** What this task involves **
Could you reproduce all the entries under this sentence exactly, leaving the images aside?

** Extracted data **
════════

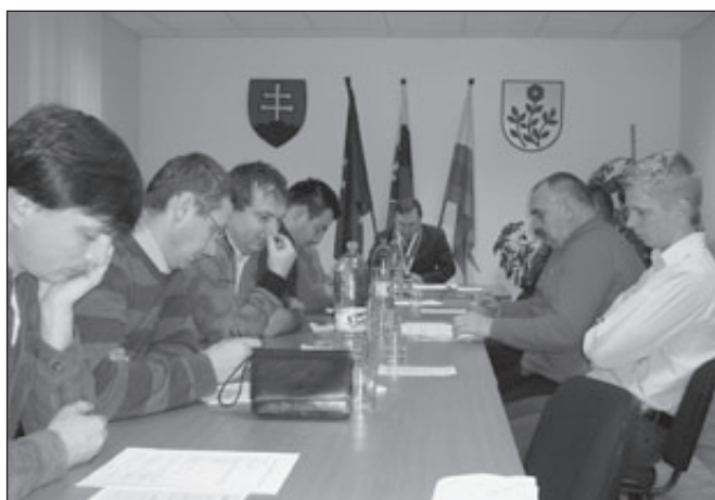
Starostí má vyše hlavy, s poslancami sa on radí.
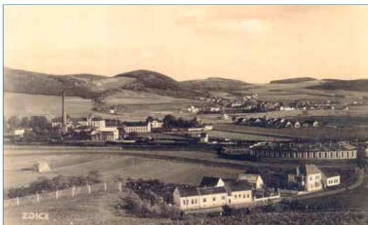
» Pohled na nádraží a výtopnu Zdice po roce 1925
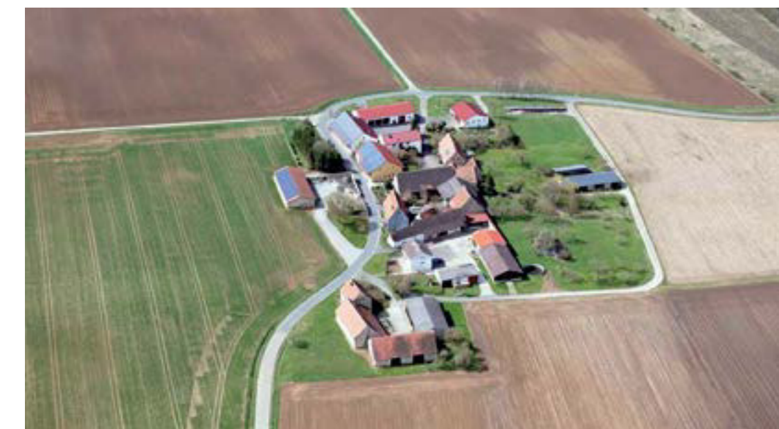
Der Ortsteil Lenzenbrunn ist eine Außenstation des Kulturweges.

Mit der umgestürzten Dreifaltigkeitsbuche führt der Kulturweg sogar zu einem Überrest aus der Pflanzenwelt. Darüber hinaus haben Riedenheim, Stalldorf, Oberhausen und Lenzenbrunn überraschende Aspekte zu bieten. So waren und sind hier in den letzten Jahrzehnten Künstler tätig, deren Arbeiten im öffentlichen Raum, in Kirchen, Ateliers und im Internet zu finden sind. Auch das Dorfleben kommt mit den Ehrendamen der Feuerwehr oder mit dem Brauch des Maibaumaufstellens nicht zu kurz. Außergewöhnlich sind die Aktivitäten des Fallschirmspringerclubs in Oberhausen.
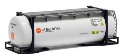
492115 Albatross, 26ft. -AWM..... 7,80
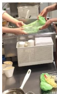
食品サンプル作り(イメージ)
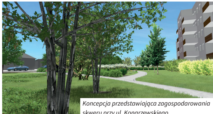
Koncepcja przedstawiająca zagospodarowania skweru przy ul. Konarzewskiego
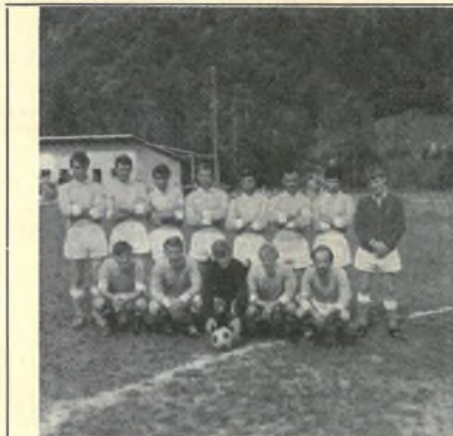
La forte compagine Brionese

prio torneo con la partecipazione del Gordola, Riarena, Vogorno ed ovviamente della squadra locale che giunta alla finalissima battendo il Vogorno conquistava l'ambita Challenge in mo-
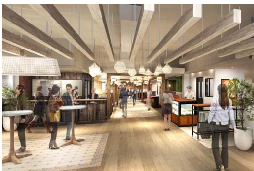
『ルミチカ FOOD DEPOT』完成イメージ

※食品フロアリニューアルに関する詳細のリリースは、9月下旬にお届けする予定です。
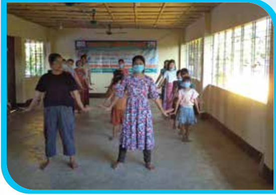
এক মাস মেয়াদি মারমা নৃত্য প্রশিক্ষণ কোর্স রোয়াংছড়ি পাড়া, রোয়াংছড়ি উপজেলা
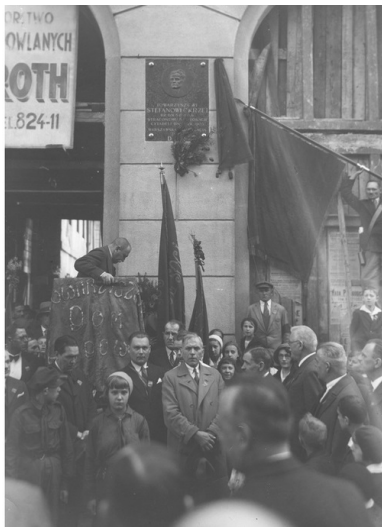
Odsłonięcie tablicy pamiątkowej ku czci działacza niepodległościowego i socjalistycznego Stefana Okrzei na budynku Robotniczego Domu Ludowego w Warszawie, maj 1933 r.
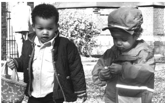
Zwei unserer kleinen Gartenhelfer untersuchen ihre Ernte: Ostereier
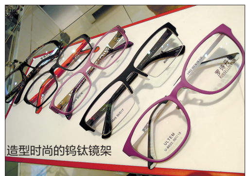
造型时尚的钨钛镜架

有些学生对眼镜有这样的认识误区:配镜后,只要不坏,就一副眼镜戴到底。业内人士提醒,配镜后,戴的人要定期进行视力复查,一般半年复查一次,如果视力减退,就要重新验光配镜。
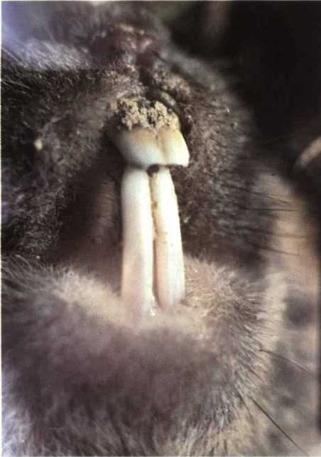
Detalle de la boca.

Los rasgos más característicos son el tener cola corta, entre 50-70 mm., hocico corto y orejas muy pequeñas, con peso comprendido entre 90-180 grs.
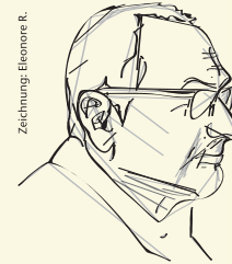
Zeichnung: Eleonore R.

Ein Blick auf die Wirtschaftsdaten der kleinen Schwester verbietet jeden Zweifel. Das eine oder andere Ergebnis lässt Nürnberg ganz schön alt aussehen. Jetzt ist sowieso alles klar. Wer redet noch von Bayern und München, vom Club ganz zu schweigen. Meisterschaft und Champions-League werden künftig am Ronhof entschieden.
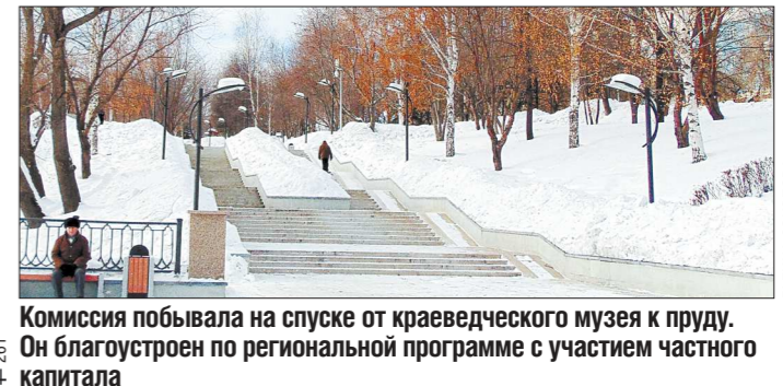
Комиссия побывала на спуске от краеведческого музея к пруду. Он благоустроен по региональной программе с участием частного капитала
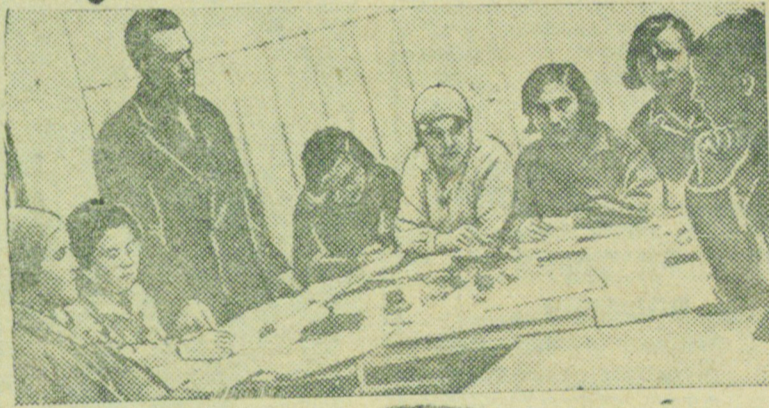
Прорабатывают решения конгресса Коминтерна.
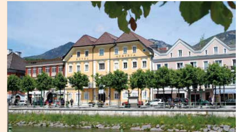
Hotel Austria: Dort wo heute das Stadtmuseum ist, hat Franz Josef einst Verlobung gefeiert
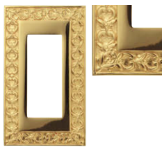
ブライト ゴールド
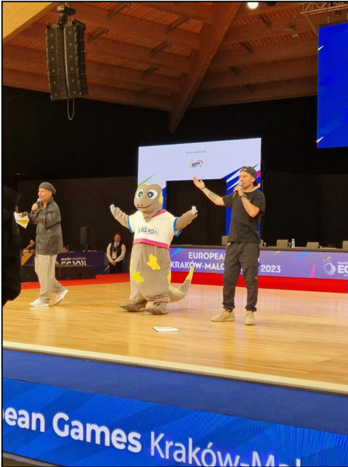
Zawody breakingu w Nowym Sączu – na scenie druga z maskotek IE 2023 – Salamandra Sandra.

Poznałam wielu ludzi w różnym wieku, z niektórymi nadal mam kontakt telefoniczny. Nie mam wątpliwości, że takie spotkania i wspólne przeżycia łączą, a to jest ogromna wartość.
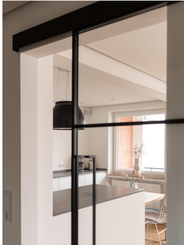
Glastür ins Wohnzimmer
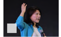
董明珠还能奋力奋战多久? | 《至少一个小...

════════

** Response to the task **
Starostí má vyše hlavy, s poslancami sa on radí.
» Pohled na nádraží a výtopnu Zdice po roce 1925
Der Ortsteil Lenzenbrunn ist eine Außenstation des Kulturweges.

Mit der umgestürzten Dreifaltigkeitsbuche führt der Kulturweg sogar zu einem Überrest aus der Pflanzenwelt. Darüber hinaus haben Riedenheim, Stalldorf, Oberhausen und Lenzenbrunn überraschende Aspekte zu bieten. So waren und sind hier in den letzten Jahrzehnten Künstler tätig, deren Arbeiten im öffentlichen Raum, in Kirchen, Ateliers und im Internet zu finden sind. Auch das Dorfleben kommt mit den Ehrendamen der Feuerwehr oder mit dem Brauch des Maibaumaufstellens nicht zu kurz. Außergewöhnlich sind die Aktivitäten des Fallschirmspringerclubs in Oberhausen.
492115 Albatross, 26ft. -AWM..... 7,80
食品サンプル作り(イメージ)
Koncepcja przedstawiająca zagospodarowania skweru przy ul. Konarzewskiego
La forte compagine Brionese

prio torneo con la partecipazione del Gordola, Riarena, Vogorno ed ovviamente della squadra locale che giunta alla finalissima battendo il Vogorno conquistava l'ambita Challenge in mo-
『ルミチカ FOOD DEPOT』完成イメージ

※食品フロアリニューアルに関する詳細のリリースは、9月下旬にお届けする予定です。
এক মাস মেয়াদি মারমা নৃত্য প্রশিক্ষণ কোর্স রোয়াংছড়ি পাড়া, রোয়াংছড়ি উপজেলা
Odsłonięcie tablicy pamiątkowej ku czci działacza niepodległościowego i socjalistycznego Stefana Okrzei na budynku Robotniczego Domu Ludowego w Warszawie, maj 1933 r.
Zwei unserer kleinen Gartenhelfer untersuchen ihre Ernte: Ostereier
造型时尚的钨钛镜架

有些学生对眼镜有这样的认识误区:配镜后,只要不坏,就一副眼镜戴到底。业内人士提醒,配镜后,戴的人要定期进行视力复查,一般半年复查一次,如果视力减退,就要重新验光配镜。
Detalle de la boca.

Los rasgos más característicos son el tener cola corta, entre 50-70 mm., hocico corto y orejas muy pequeñas, con peso comprendido entre 90-180 grs.
Zeichnung: Eleonore R.

Ein Blick auf die Wirtschaftsdaten der kleinen Schwester verbietet jeden Zweifel. Das eine oder andere Ergebnis lässt Nürnberg ganz schön alt aussehen. Jetzt ist sowieso alles klar. Wer redet noch von Bayern und München, vom Club ganz zu schweigen. Meisterschaft und Champions-League werden künftig am Ronhof entschieden.
Комиссия побывала на спуске от краеведческого музея к пруду. Он благоустроен по региональной программе с участием частного капитала
Прорабатывают решения конгресса Коминтерна.
Hotel Austria: Dort wo heute das Stadtmuseum ist, hat Franz Josef einst Verlobung gefeiert
ブライト ゴールド
Zawody breakingu w Nowym Sączu – na scenie druga z maskotek IE 2023 – Salamandra Sandra.

Poznałam wielu ludzi w różnym wieku, z niektórymi nadal mam kontakt telefoniczny. Nie mam wątpliwości, że takie spotkania i wspólne przeżycia łączą, a to jest ogromna wartość.
Glastür ins Wohnzimmer
董明珠还能奋力奋战多久? | 《至少一个小...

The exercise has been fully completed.